Your reply must hold the lines from the one containing "西谷トンネル：シールドマシン立坑到達" to the end of the entries, copied exactly, with pictures excluded.

THE RECORDS:
-=-=-
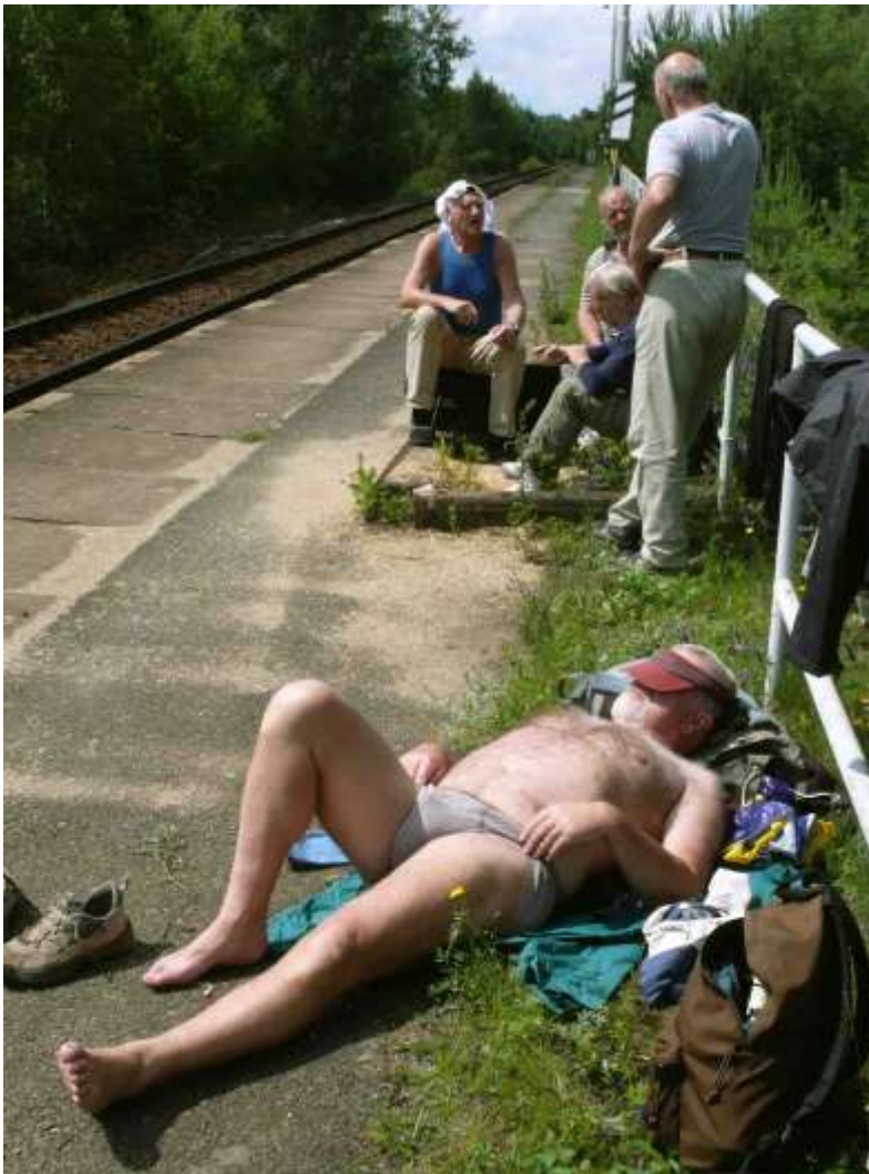
Louln čká na vlak
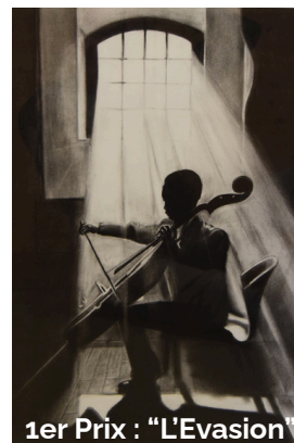
1er Prix : "L'Evasion"
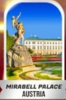
MIRABELL PALACE AUSTRIA
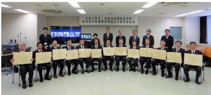
授与式後の記念撮影
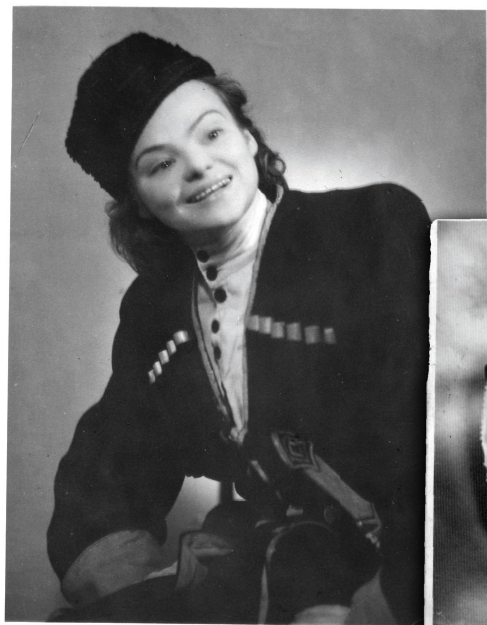
В корпорации я была «magister-cantandi» и звали меня «певунья-плясунья».

пройденных путей-дорог, и «щепоточкой соли» кто-то преждевременно украсил волосы. Мои слова о том, как хорошо живется на свете, напонила через много лет, вернувшись с далекого севера инвалидом, моя горячо любимая, когда-то красавица мать.
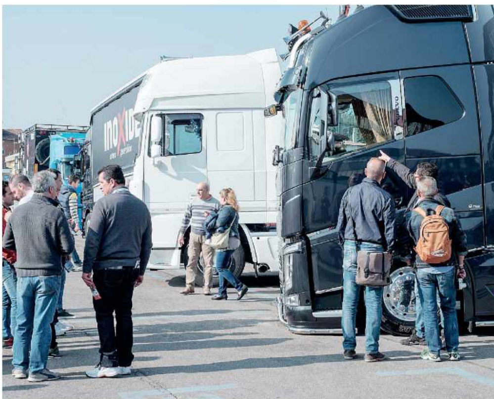
Più spazio espositivo. A Verona Transpotec Logitec presenterà più di 300 aziende
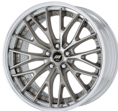
トランスグレーポリッシュ・TGP
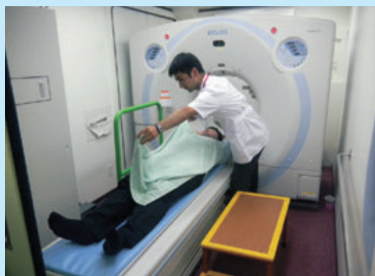
CT検診車2号車(16列CT)の撮影室
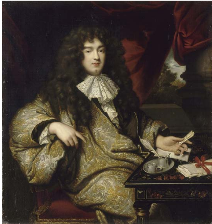
Fig. 1. Jean-Marc Nattier, d'après Claude Lefebvre, Détail de la table de Pierre Gole représentée sur le Portrait de Jean-Baptiste Colbert, marquis de Seignelay , vers 1676, huile sur toile, musée national du château de Versailles et des Trianon, inv. MV 3556.

bois de rapport ». Un bureau en première partie, conservé au musée du Louvre 3 (fig. 2) et un second, en contrepartie 4 (fig. 2–3), peuvent ainsi évoquer l'austère meuble de travail ayant appartenu au marquis puis à sa veuve.
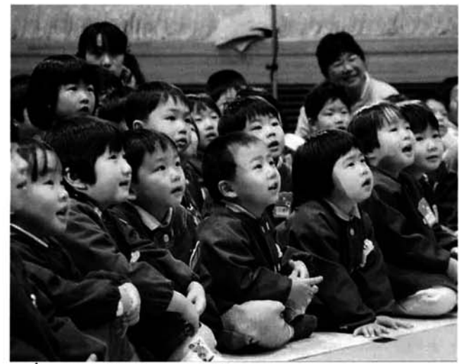
人形劇に夢中な園児
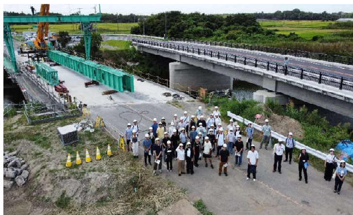
河道拡幅（旧北川橋撤去）工事現場

参加者数：39名（15～21歳：30名（男18名・女12名）、 31～50歳：5名（男2名・女3名）、付添：4名）
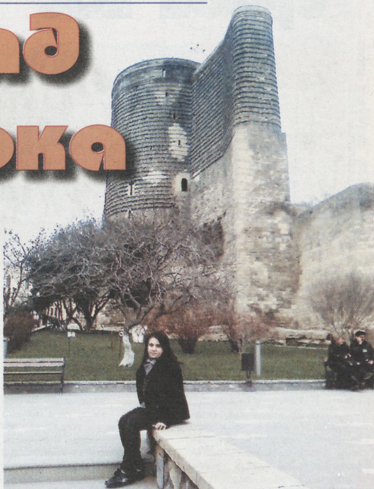
Автор на фоне Девичьей башни.
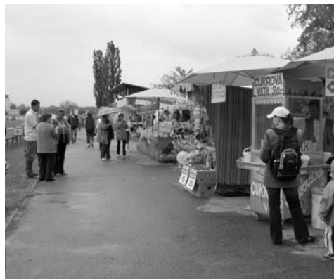
↑ Ulička štěstí, cukrové vaty a perníkových srdcí.
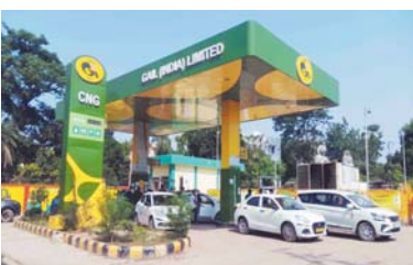
रही है। गौरतलब है कि दो दिन पहले ऑयल कंपनियों ने पेट्रोल और डीजल के रेट 3 रुपए प्रति लीटर तक बढ़ा दिए थे। 15 मई से नई कीमतें लागू हो गईं। यह कीमतें 3.50 रुपए तक बढ़ी है।

भोपाल में एक किग्रा गैस का दाम अब 93.75 रुपए नईदिल्ली/भोपाल, एजेंसी
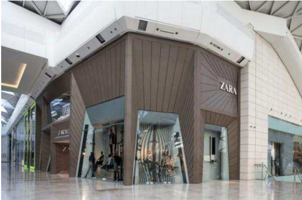
Fig. 24. ZARA London westfield présente un nouveau Edge To Mall Architecture, 10 mars 2010.

Un magasin phare de ZARA dans le centre commercial Westfield de Londres. La façade du magasin est construite de panneaux angulaires. La couleur est moulée au long de chaque panneau, en réduisant l'apparence de l'usure et aux rayures.
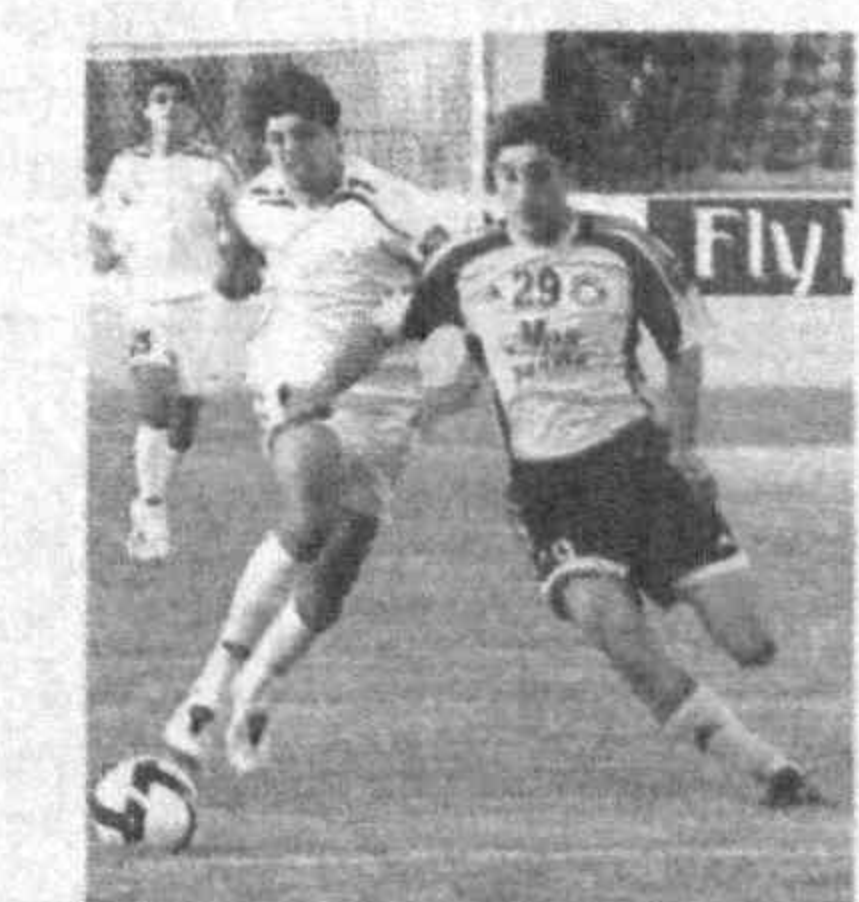
қарши (қолдирилган ўйин) ўтадиган жиддий баҳсга ҳозирлик қилишди.

"Хоразм" жамоаси ҳам ўз мухлисларини хурсанд қилишда давом этмоқда. Улар бу сафар Муборақда "Машъал" клуби устидан 1:2 ҳисобида зафар қўчишди.
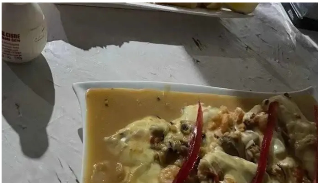
El chacarita comida y bebida
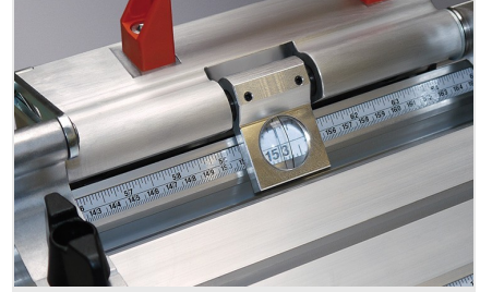
Dayama ve Ölçüm Sistemi MMS 200
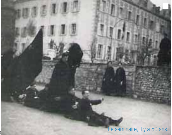
Le séminaire, il y a 50 ans.

Depuis plus de 1 000 ans, ce lieu chargé d'histoire a vécu de nombreuses transformations... et ce n'est pas fini. En voici les grandes étapes.
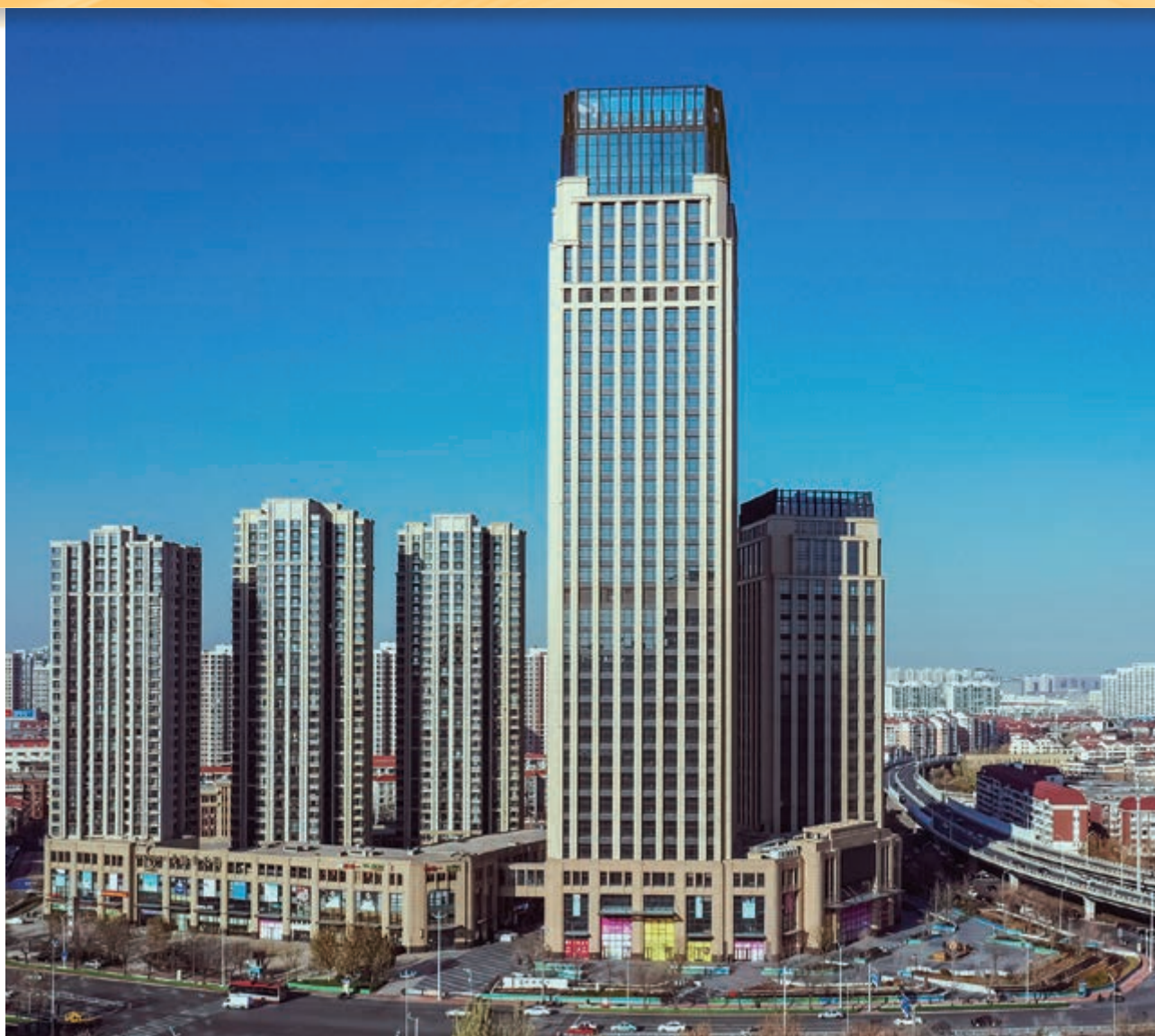
富豪新開門 — 位於天津河東區黃金地段之商業/寫字樓/住宅綜合發展項目
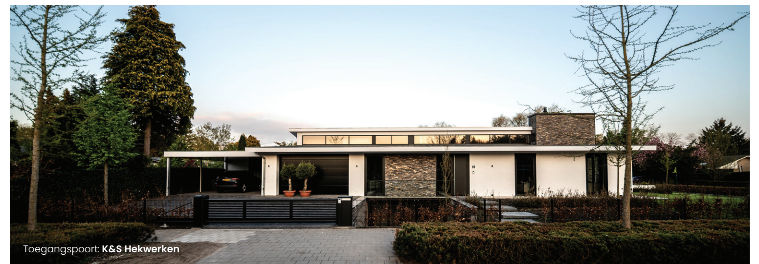
Toegangspoort: K&S Hekwerken
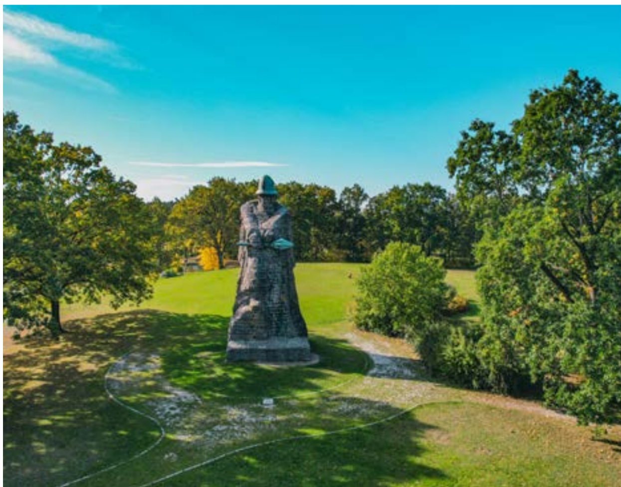
Socha Jana Žižky u Sudoměře
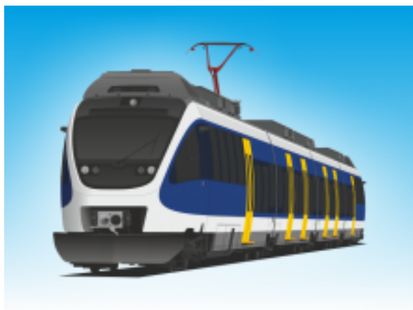
[3] Villamos motorvonat III. (Talent)

6 db kerékpár szállítható az utastér kijelölt részén (a lehajtható üléseknél) műanyag szíjakkal rögzítve.
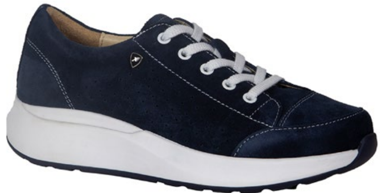
Deep Ocean - XX22245 Nubuck Leder
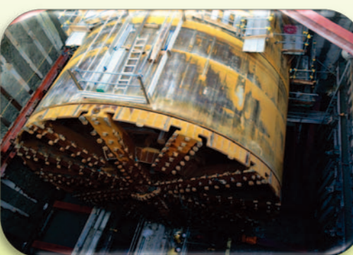
西谷トンネル：シールドマシン立坑到達
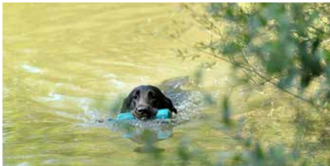
Za uspešno prinašalsko delo je potrebno tudi vodno delo psov
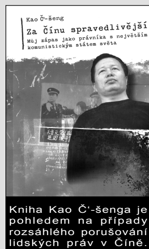
Kniha Kao Č'-šenga je pohledem na případy rozsáhlého porušování lidských práv v Číně.
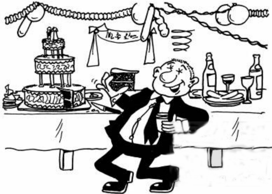
The gate crasher!
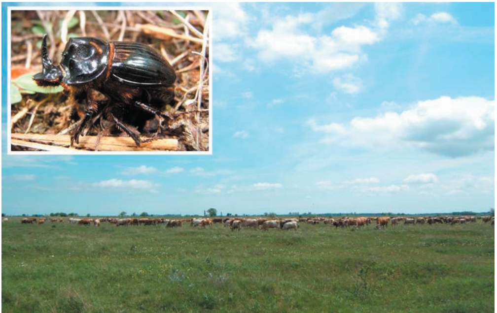
Abb. 2: Die Fleckviehweide an der Langen Lacke. Insert: Copris lunaris ♂ (LINNAEUS, 1758). (Fotos: Strodl M.A., 12. Mai 2007).
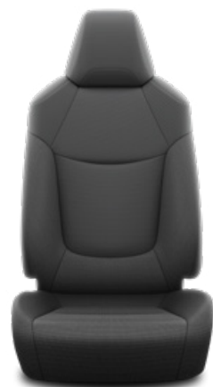
Fekete szövet ülésborítás Alapfelszereltség az Active felszereltségnél
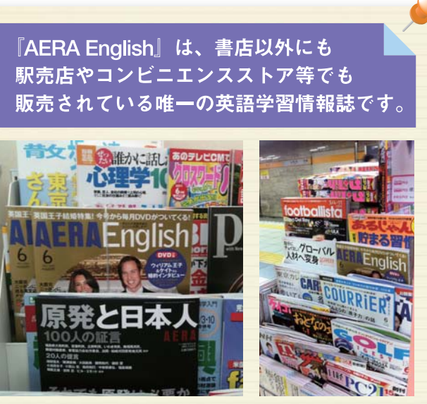
『AERA English』は、書店以外にも販売されている唯一の英語学習情報誌です。
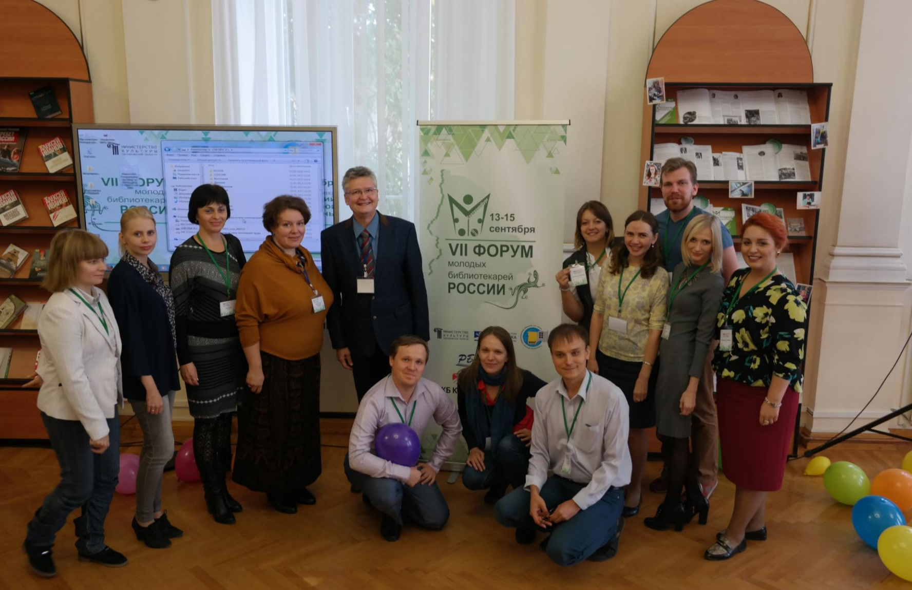
27. Молодёжная секция 29-А. Рабочая группа «Библиотеки и социальные медиа»
-=-=-
RESPONSE BELOW:
西谷トンネル：シールドマシン立坑到達
Za uspešno prinašalsko delo je potrebno tudi vodno delo psov
Kniha Kao Č'-šenga je pohledem na případy rozsáhlého porušování lidských práv v Číně.
The gate crasher!
Abb. 2: Die Fleckviehweide an der Langen Lacke. Insert: Copris lunaris ♂ (LINNAEUS, 1758). (Fotos: Strodl M.A., 12. Mai 2007).
Fekete szövet ülésborítás Alapfelszereltség az Active felszereltségnél
『AERA English』は、書店以外にも販売されている唯一の英語学習情報誌です。
27. Молодёжная секция 29-А. Рабочая группа «Библиотеки и социальные медиа»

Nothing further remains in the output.